By analyzing existing cross correlation between Rio Tinto ADR and Alphamin Resources Corp, you can compare the effects of market volatilities on Rio Tinto and Alphamin Resources and check how they will diversify away market risk if combined in the same portfolio for a given time horizon. You can also utilize pair trading strategies of matching a long position in Rio Tinto with a short position of Alphamin Resources. Check out your portfolio center. Please also check ongoing floating volatility patterns of Rio Tinto and Alphamin Resources.

Diversification Opportunities for Rio Tinto and Alphamin Resources

0.43
  Correlation Coefficient

Very weak diversification

The 3 months correlation between Rio and Alphamin is 0.43. Overlapping area represents the amount of risk that can be diversified away by holding Rio Tinto ADR and Alphamin Resources Corp in the same portfolio, assuming nothing else is changed. The correlation between historical prices or returns on Alphamin Resources Corp and Rio Tinto is a relative statistical measure of the degree to which these equity instruments tend to move together. The correlation coefficient measures the extent to which returns on Rio Tinto ADR are associated (or correlated) with Alphamin Resources. Values of the correlation coefficient range from -1 to +1, where. The correlation of zero (0) is possible when the price movement of Alphamin Resources Corp has no effect on the direction of Rio Tinto i.e., Rio Tinto and Alphamin Resources go up and down completely randomly.
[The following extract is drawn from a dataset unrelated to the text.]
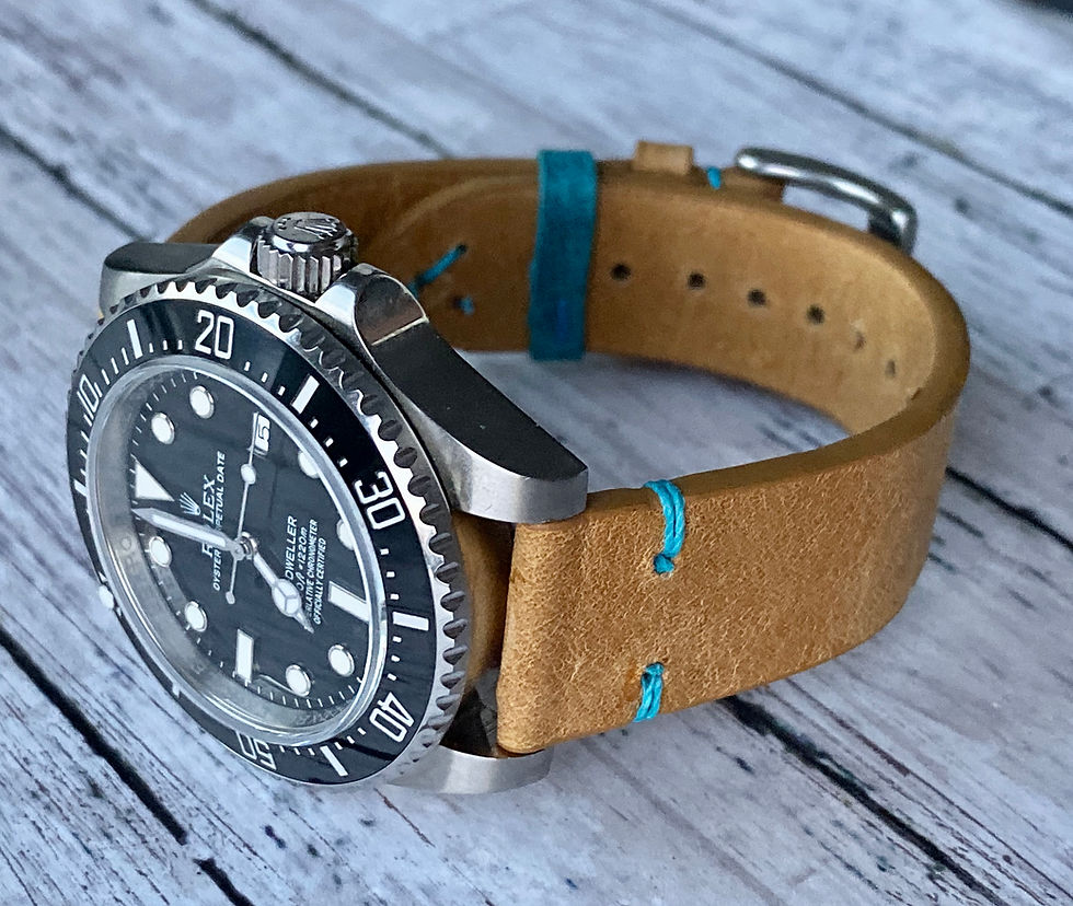 TAN Crazy Horse Leather Watch strap Thin AQUA Stitching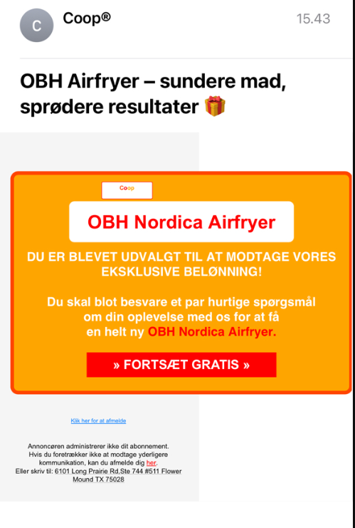 “Der er en ny svindelkampagne i omløb som udgiver sig for at være fra COOP og som fortæller modtageren, at man er udvalgt til at modtage en OBH Airfryer,” skriver koncernen, som efterfølgende slår fast, at de ikke udsender sådanne beskeder:

Pair Corralation between Rio Tinto and Alphamin Resources

Considering the 90-day investment horizon Rio Tinto is expected to generate 17.8 times less return on investment than Alphamin Resources. But when comparing it to its historical volatility, Rio Tinto ADR is 1.84 times less risky than Alphamin Resources. It trades about 0.01 of its potential returns per unit of risk. Alphamin Resources Corp is currently generating about 0.05 of returns per unit of risk over similar time horizon. If you would invest  48.00  in Alphamin Resources Corp on August 29, 2024 and sell it today you would earn a total of  37.00  from holding Alphamin Resources Corp or generate 77.08% return on investment over 90 days.
Time Period3 Months [change]
DirectionMoves Together 
StrengthWeak
Accuracy100.0%
ValuesDaily Returns

Rio Tinto ADR  vs.  Alphamin Resources Corp

 Performance 
       Timeline  
Rio Tinto ADR 

Risk-Adjusted Performance

0 of 100

 
Weak
 
Strong
Very Weak
Over the last 90 days Rio Tinto ADR has generated negative risk-adjusted returns adding no value to investors with long positions. In spite of very healthy forward indicators, Rio Tinto is not utilizing all of its potentials. The latest stock price disarray, may contribute to short-term losses for the investors.
Alphamin Resources Corp 

Risk-Adjusted Performance

7 of 100

 
Weak
 
Strong
OK
Compared to the overall equity markets, risk-adjusted returns on investments in Alphamin Resources Corp are ranked lower than 7 (%) of all global equities and portfolios over the last 90 days. Despite nearly fragile forward-looking indicators, Alphamin Resources reported solid returns over the last few months and may actually be approaching a breakup point.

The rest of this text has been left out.